Key differences from Bitstamp:

  • Executions in the message fileLobsterTradeReader builds trades directly from type 4/5 rows in the events DataFrame (no separate trades file).
  • Orderbook-backed depthLobsterFormat.compute_depth reads the official orderbook file for ground-truth depth instead of reconstructing from events
  • Integer prices — raw prices are in ten-thousandths of a dollar (price_divisor=10000)

LobsterLoader

LobsterLoader(
    config: PipelineConfig | None = None,
    *,
    trading_date: str | Timestamp,
)

Load raw limit-order events from LOBSTER message files.

Satisfies the :class:~ob_analytics.protocols.EventLoader protocol.

Parameters:

Name Type Description Default
config PipelineConfig

Pipeline configuration.

None
trading_date str or Timestamp

The calendar date of the trading session (LOBSTER timestamps are seconds after midnight and need a date anchor).

required

load

load(source: Any) -> pd.DataFrame

Load LOBSTER message data and return a cleaned events DataFrame.

Parameters:

Name Type Description Default
source str, Path, or directory

Path to a LOBSTER message CSV, or a directory containing message/orderbook file pairs. When a directory is given the loader auto-discovers files by the LOBSTER naming convention.

required

Returns:

Type Description
DataFrame

LobsterTradeReader

LobsterTradeReader(config: PipelineConfig | None = None)

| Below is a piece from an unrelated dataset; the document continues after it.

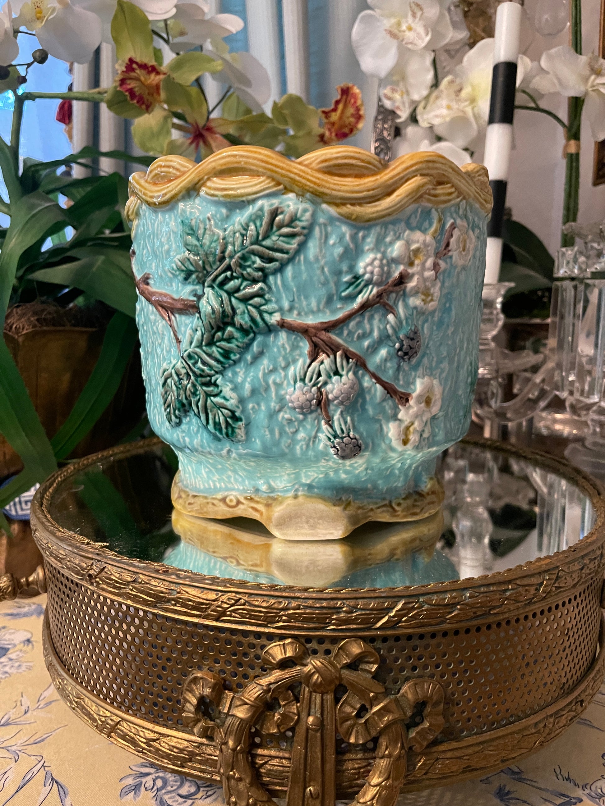 Bring a touch of Old-World elegance to your home with this 19th-century Majolica Cache Pot, a stunning hand-painted jardinière bursting with vibrant color and charm. Featuring the classic Majolica glazing technique—known for its rich hues, glossy finish, and incredible texture—this piece showcases intricate floral motifs with a dimensional, almost sculptural quality.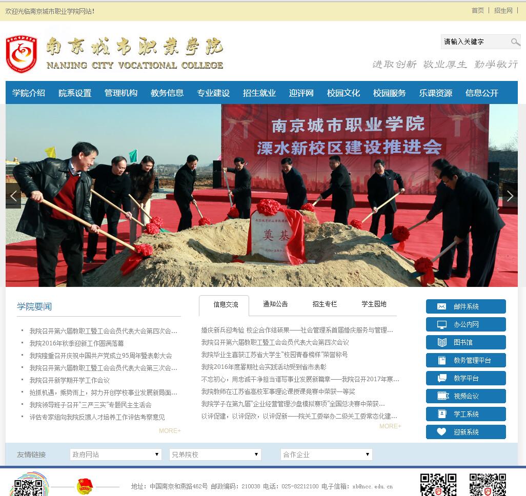 南京城市职业学院于2020-09-03被0702投稿网收录,网站相关信息来自互联网或网友分享!由于(南京城市职业学院)网站内容动态属性,时刻在变动,本站无法保证(南京城市职业学院)网站内容真实可靠!请大家查阅时,谨慎选择、自辩真伪,感谢您的理解与支持。如果您在访问(南京城市职业学院)时发现:网址失效、或网站存在非法等相关内容,请及时联系我们,我们会第一时间处理。

Build trades directly from LOBSTER execution events.

In LOBSTER, each execution event (type 4 or 5) represents the resting (maker) side of a trade. This reader builds trade records directly from those rows in the events frame; no matching is needed because the data already pairs maker rows with executions.

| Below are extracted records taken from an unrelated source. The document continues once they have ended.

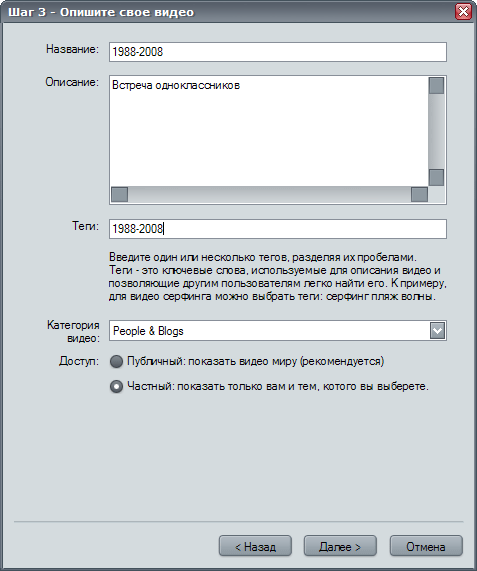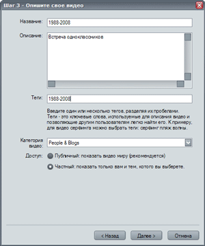 Предпоследний шаг — заполнение формы сведений о выгружаемом фильме. Здесь необходимо заполнить все поля, иначе выгрузка видео не состоится (впоследствии эти сведения можно отредактировать непосредственно на страничке с фильмом).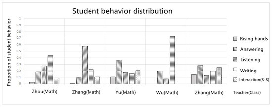 Design of Students’ Behavior Characteristics in Class. Large-class teaching is widely used in schools in China. A large number of students in class leads to serious occlusion among students and various forms of action. However, the low resolution of the camera also makes the imaging of individual behavior blurred, especially for the students in the back row. The existing S–T behavior classification method is difficult to effectively distinguish various intra-class behaviors and inter-class behaviors on images. For example, in S behavior, students’ thinking and silence behaviors are difficult to distinguish between calculation and finishing homework. In T behavior, teachers’ questioning, explanation, and evaluation are difficult to distinguish.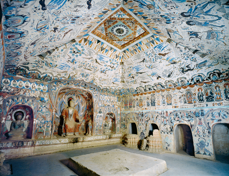 莫高窟第285窟有西魏大統(tǒng)四年(538年)、五年(539年)的題記,是莫高窟最早有明確紀年的洞窟。這一洞窟帶有明顯的中原風(fēng)格特征,窟頂都有飛動的彩云和各種傳說中的神怪,其中還有中國的神仙,反映了外來佛教與中國本土文化的融合。圖為莫高窟第285窟的洞窟形制。 敦煌研究院供圖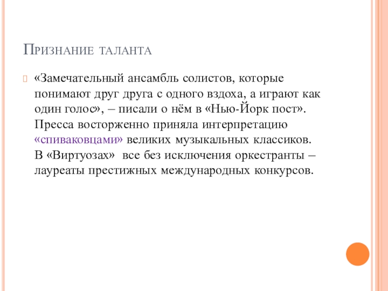 а играют как один голос», – писали о нём в «Нью-Йорк пост». Пресса восторженно приняла интерпретацию «спиваковцами» великих музыкальных классиков.

Satisfies the :class:~ob_analytics.protocols.TradeSource protocol.

load

load(events: DataFrame, source: Any) -> pd.DataFrame

Build a trades DataFrame from LOBSTER execution events.

Parameters:

Name Type Description Default
events DataFrame

Events with raw_event_type column populated.

required
source Any

Unused; trade information is embedded in events.

required

Returns:

Type Description
DataFrame

Trades with timestamp, price, volume, direction, maker_event_id, taker_event_id, maker, taker.

LobsterWriter

LobsterWriter(
    config: PipelineConfig | None = None,
    *,
    trading_date: str | Timestamp,
    price_divisor: int | None = None,
)

Write pipeline events back to LOBSTER dual-file format.

Satisfies the :class:~ob_analytics.protocols.DataWriter protocol.

Parameters:

Name Type Description Default
trading_date str or Timestamp

Calendar date of the session.

required
price_divisor int

Multiplier to convert decimal prices back to LOBSTER integers.

None

write

write(
    data: dict[str, DataFrame],
    dest: str | Path,
    *,
    ticker: str = "DATA",
    num_levels: int = 10,
    **kwargs: Any,
) -> tuple[Path, Path]

Write events to LOBSTER message + orderbook files.

Parameters:

Name Type Description Default
data dict

Must contain "events" key.

required
dest str or Path

Output directory.

required
ticker str

Ticker symbol for filename.

'DATA'
num_levels int

Number of orderbook levels to write.

10

Returns:

Type Description
tuple of Path

(message_path, orderbook_path)

LobsterFormat dataclass

LobsterFormat()

Format descriptor for LOBSTER limit-order-book data.

trading_date is taken from the per-run :class:~ob_analytics.protocols.RunContext, not the format constructor — so the same LobsterFormat() instance can be reused across runs with different sessions.

lobster_depth_from_orderbook

lobster_depth_from_orderbook(
    events: DataFrame,
    orderbook_path: Path,
    config: PipelineConfig,
) -> tuple[pd.DataFrame, pd.DataFrame]

Compute depth and depth summary from the LOBSTER orderbook file.

The LOBSTER orderbook file is ground truth: it records the complete visible book state after every message event. This function converts it into the (depth, depth_summary) pair the pipeline expects, avoiding the need to reconstruct depth from message events (which fails when events reference pre-market orders absent from the message file).

Parameters:

Name Type Description Default
events DataFrame

Events DataFrame (used only for timestamps and event IDs).

required
orderbook_path Path

Path to the LOBSTER orderbook CSV.

required
config PipelineConfig

Pipeline configuration.

required

Returns:

Type Description
tuple of (depth DataFrame, depth_summary DataFrame)